I squeezed around tiny bistro tables as I made my way to the front door. A gust of icy air greeted me outside. I tried to balance my coffee in one hand as I zipped my coat and cinched my hood tighter.
Someone tapped my shoulder.
"You didn't let me finish. I was saying I think this belongs to you," the stranger repeated, thrusting the salmon-pink umbrella at me.

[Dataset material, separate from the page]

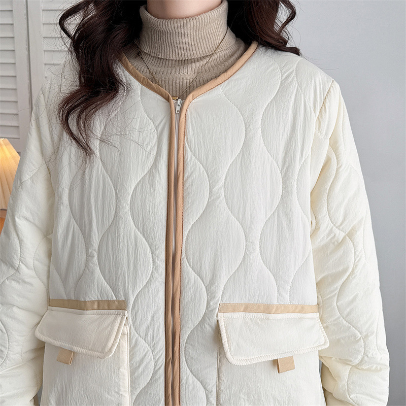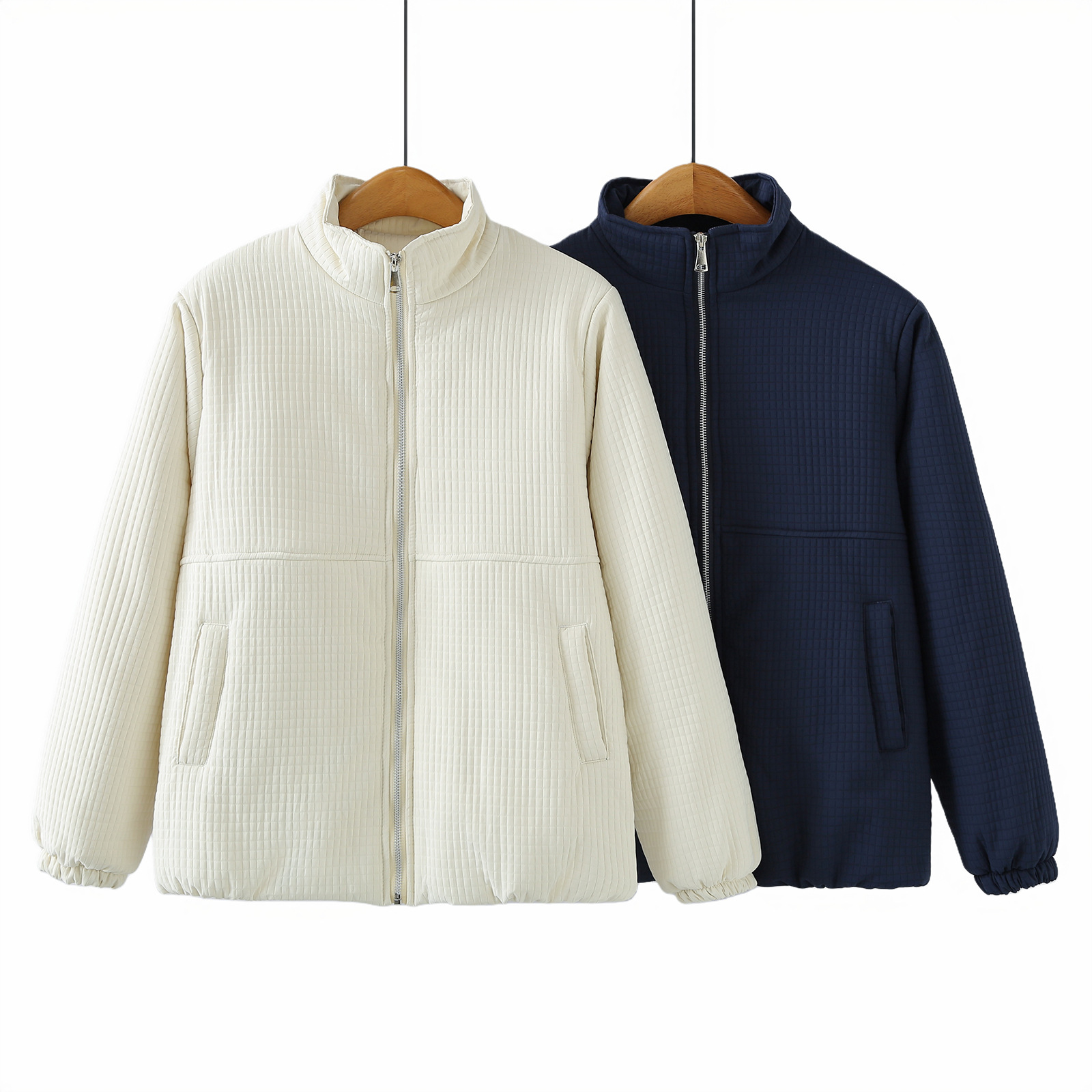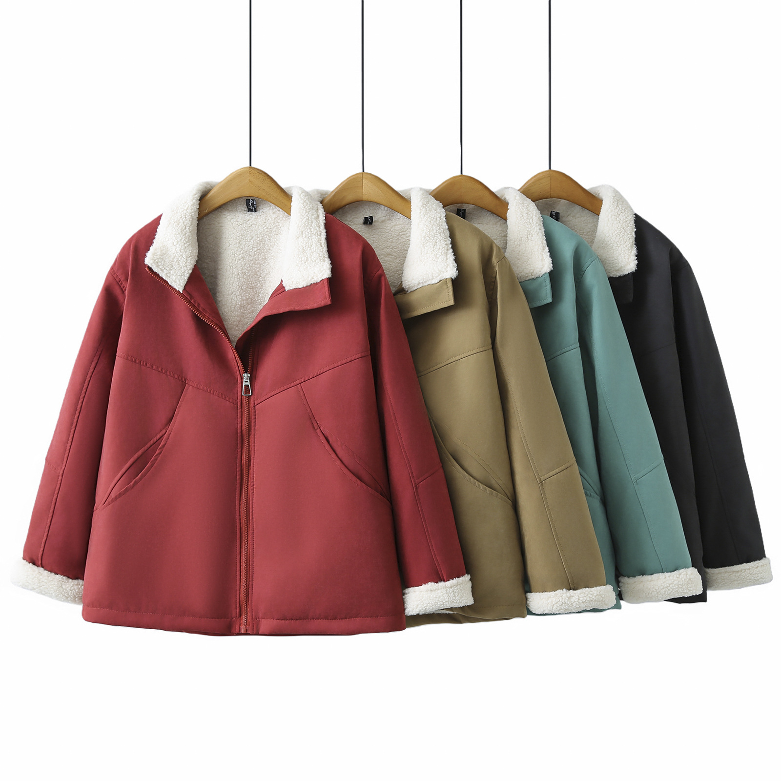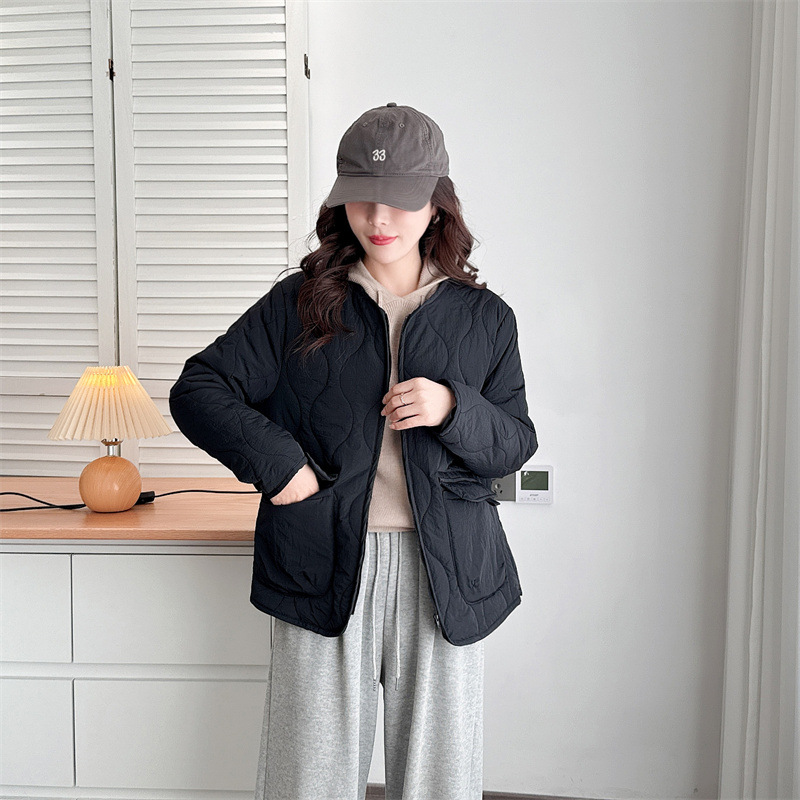 2025秋冬大码加绒棉服女简约百搭夹棉外套加厚显瘦胖妹棉衣2517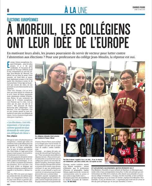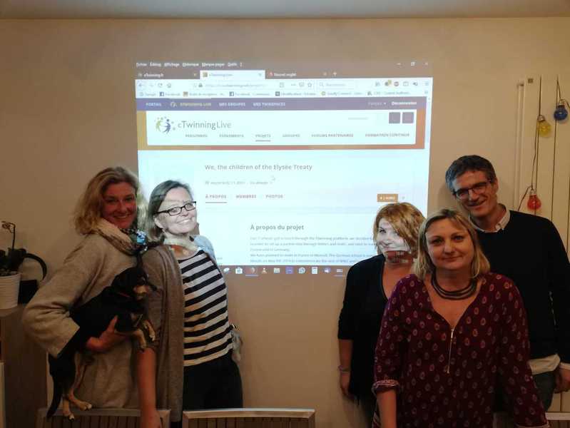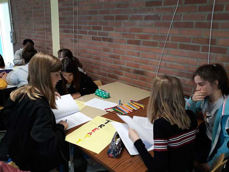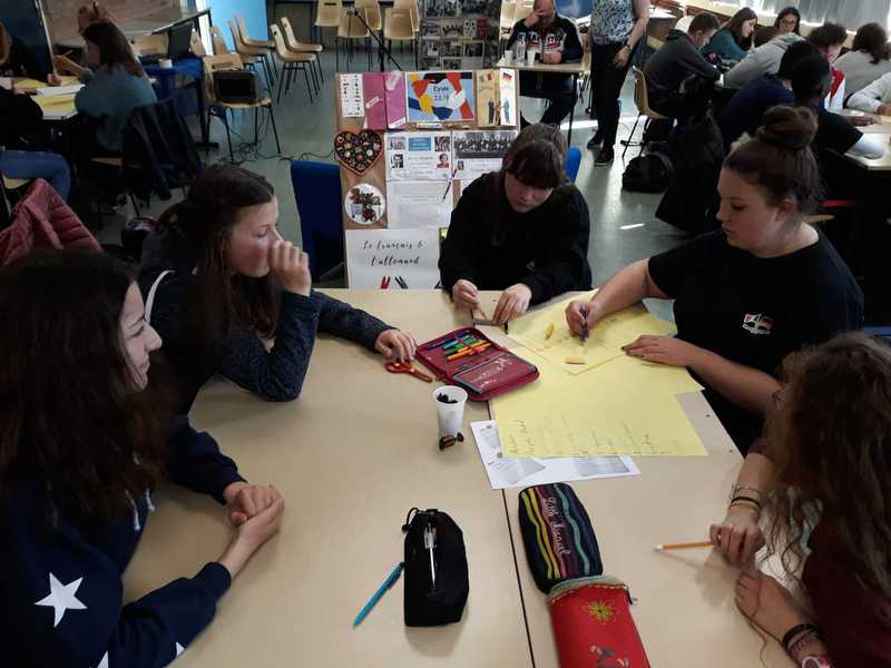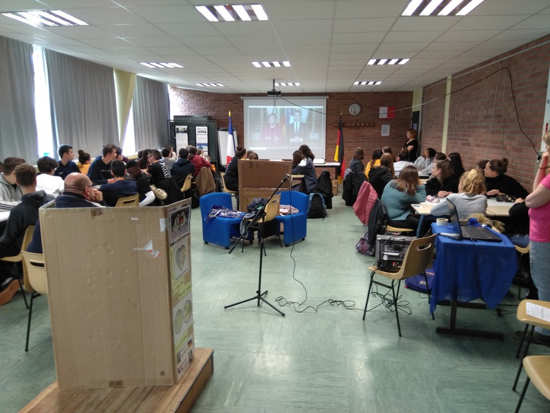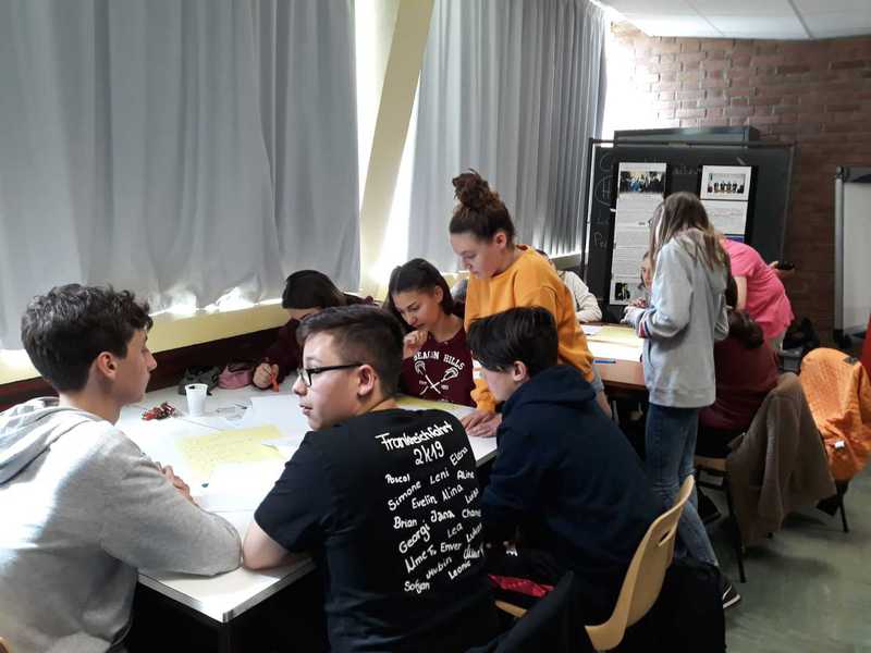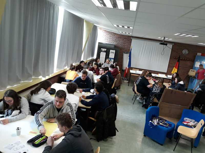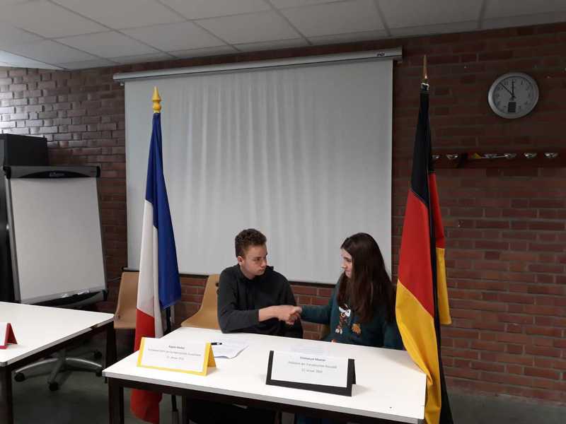 Das nächste deutsch-französische Treffen fand am nächsten Tag im Collège Jean Moulin in Moreuil statt. Nach unserer Ankunft nahmen die deutschen Schüler zunächst eine Stunde am regulären Unterricht teil, dann trafen wir uns im salle de réunion wieder, um unser gemeinsames eTwinning-Projekt „We, the children of the Élysée Treaty“ zu beenden. Zunächst schauten wir uns dazu die gemeinsame Erklärung von Bundeskanzlerin Angela Merkel und dem französischen Präsidenten Emmanuel Macron anlässlich des 55. Jahrestages der Unterzeichnung des Élysée-Vertrages an. Anschließend fertigten die Schüler in deutsch-französischen Kleingruppen dreisprachige Akrosticha an und spielten die Unterzeichnung des Aachener Vertrags vom 22. Januar 2019 nach. Dies wurde in kurzen Videos festgehalten.

A car zoomed by on the street, spraying dirty water in our direction. The stranger stepped backward to avoid the splatter. I stood there dumbfounded.
"Nope. No way. That's definitely not mine." I shook my head.
"But it's pink and"—he paused, eyeing me from head to toe and waving his hand from my hood to boots— "you're pink."
"Today I am, but I don't own an umbrella. I don't believe in umbrellas."
"How can you not believe in umbrellas?"
What happened next is what Gam attributes to universal karma. The coffee shop door burst open and a man in a business suit exited. He brushed past us, struggling to open his ginormous golf umbrella against the wind. The moment it popped open, it caught a gust and instantly blew backward, bending the metal frame and soaking the man.
I smirked and pointed at the businessman making his way down the street with a mangled umbrella. "That's how!"
"Touché." He offered his free hand. "I'm Greg. Nice to meet you anti-umbrella woman."
"Meg," I replied, shaking it. "Nice to meet you and your pink umbrella."
He moved toward the entrance of the coffee shop and pushed open the door. "Why don't you finish your drink inside with me, where it's warmer?"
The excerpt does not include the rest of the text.